James McAvoy and Rebecca Hall Interviewed – ‘Starter For Ten’

     February 21, 2007

Starter For Ten is about a working-class kid (James McAvoy) who has one ambition – to get on a British TV Quiz show. For his entire life he’s been fascinated by learning and trying to gain general knowledge. When he finally gets to College he finds out they have University Challenge – it’s essentially Jeopardy for College students and it airs on TV around the country. Immediately he wants in and of course meets a girl along the way.

Rather than go any further with the story, think about any 80’s high school/college dramedy and you’ll get what type of film this is. But I will take one last sentence to mention the soundtrack is killer and spot on for this 80’s film – The Cure, Psychedic Furs, Motorhead, Kate Bush, Echo and the Bunnymen and more.

While the film follows the typical 80’s genre rules, I bought into what the film was selling and enjoyed the ride. I think the main reason is due to James McAvoy. You’ve probably seen him in the first Narnia movie and some of you saw him in The Last King of Scotland. He’s one of those actors whom you root for and believe in, and I think he’s someone you’re going to see a lot more of.

So if you want to learn more about the film you can read or listen to James McAvoy and Rebecca Hall (his co-star) below. But if you want to listen to it – click here to download or listen to the audio.

And before getting to the interview, I have two other’s that were done but I only have the audio.

If you want to listen to Tom Vaughan (the director) speak about the film click here.

If you want to listen to Alice Eve and Mark Gatiss (two of the stars) then click here.

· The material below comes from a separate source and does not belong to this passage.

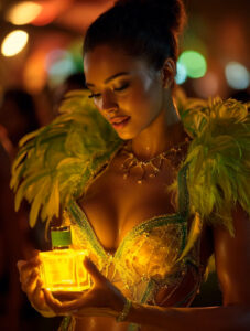 The image features an illustrated bottle of Birkholz perfume labeled "Sol E Samba eau de parfum." The background includes vibrant elements such as a sun, a woman in festive attire with a feathered headdress, a lime and an orange, colorful houses on a hillside, and the iconic Christ the Redeemer statue, suggesting a Brazilian theme.

Starter For Ten opens this Friday in Los Angeles, New York and Austin. The film expands on March 9th.

How thrilled are you that Forest Whitaker has been getting such great recognition for The Last King of Scotland?

JAMES: I’m absolutely made up for the guy, he’s brilliant. He’s been doing it for twenty odd years and he’s never really been given the opportunity to take center stage that much. Couple of times maybe, but not a lot. Not only has he been given the opportunity this time, but he’s being recognized on humongous stages, and I think it’s wonderful. It’s a great performance. Every year there’s a million great performances that are forgotten and never recognized, and it’s just great to see that this one is.

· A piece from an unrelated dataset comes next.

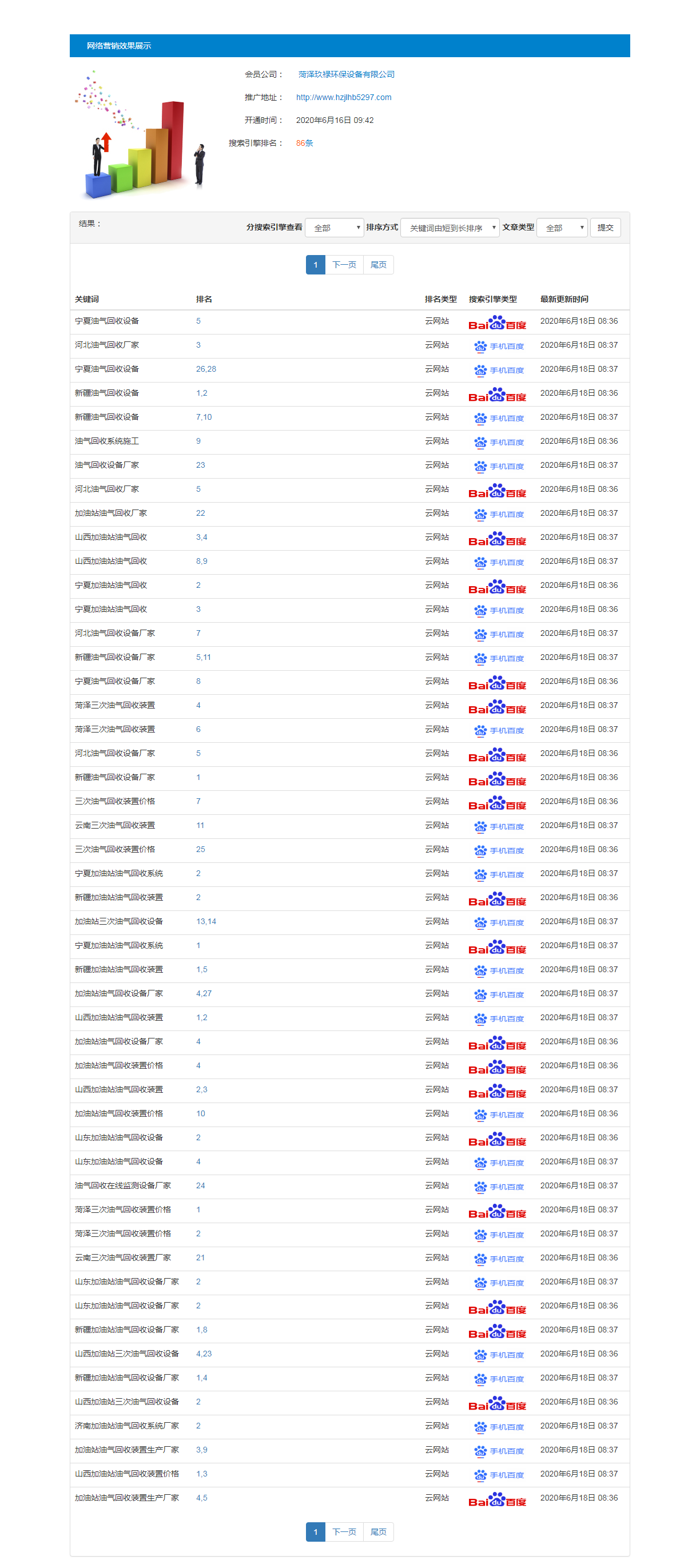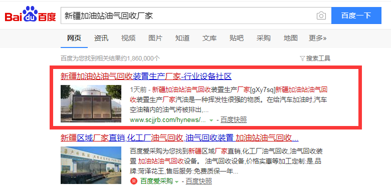 油氣回收行業(yè)全網(wǎng)推廣測試兩天上詞情況

And the guy who played the doctor was not bad…

REBECCA: I thought he was rubbish. [laughs]

JAMES: It was all about the hair.

The press notes describe this as the great British ’80s movie that was never made…

JAMES: [laughs] Yeah.

REBECCA: [laughs] It’s twenty years too late.

How big an influence were our American ’80s movies on you?

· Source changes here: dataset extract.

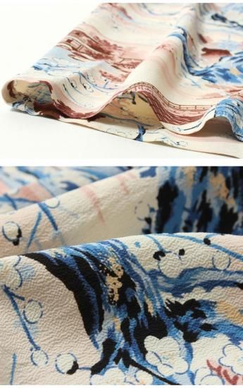 経糸にレーヨン無撚糸、緯糸に凹凸の表面をもつレーヨン壁糸を使用し外観を縮緬(ちりめん)に似せた素材で、元は和装用の布地として開発された素材のため、和柄のアロハシャツとの調和が抜群です。

JAMES: Quite effective, actually.

REBECCA: Yeah, they are. I mean, they’re quite definitely in my consciousness. But I don’t think I really discovered them until quite recently, like when I was about maybe 17, 18, I discovered those kind of films. I didn’t see them when I was little. The films like Big and other ’80s films I definitely saw when I was 10, 11, 12, something like that.

JAMES: I was quite familiar with a lot of the John Hughes movies when I was about 14, 15, and in the mid-’90s. And I loved things like The Sure Thing. But there’s a film that really contributed to my performance which was The Sure Thing, but also one that I can never remember the name, which was Andrew McCarthy and Rob Lowe. Andrew McCarthy has an affair with Rob Lowe’s mother. Is it…? Oh, I can’t remember. Anyway, that’s very, I don’t know…I always felt that Andrew McCarthy was quite…I always really thought he was a brilliant actor when I was younger. So getting to do something ’80s and getting to do something that had the sensibilities of an American ’80s movie, I kind of felt like I kind of drew on all those kind of films that I loved.

Did you see Mannequin?

REBECCA: I was about to say Mannequin!

JAMES: Did I see that? Oh, no, I only saw it 15 times, actually. Kim Cattrall was only in my dreams about…every night!

REBECCA: It was Kim Cattrall, wasn’t it?

JAMES: A little 12 year old boy with dirty fancies about a mannequin.

Can you talk about how you both came to the project?

REBECCA: Quite straightforwardly. I got the script and read it, and loved it, and didn’t think in a million years they’d cast me as Rebecca. I think it was kind of very sort of different in my head. I went on a lot of auditions. I think about 4, maybe 5. Or maybe 8. And then waited a long time, and then got told I got the part. I was very excited.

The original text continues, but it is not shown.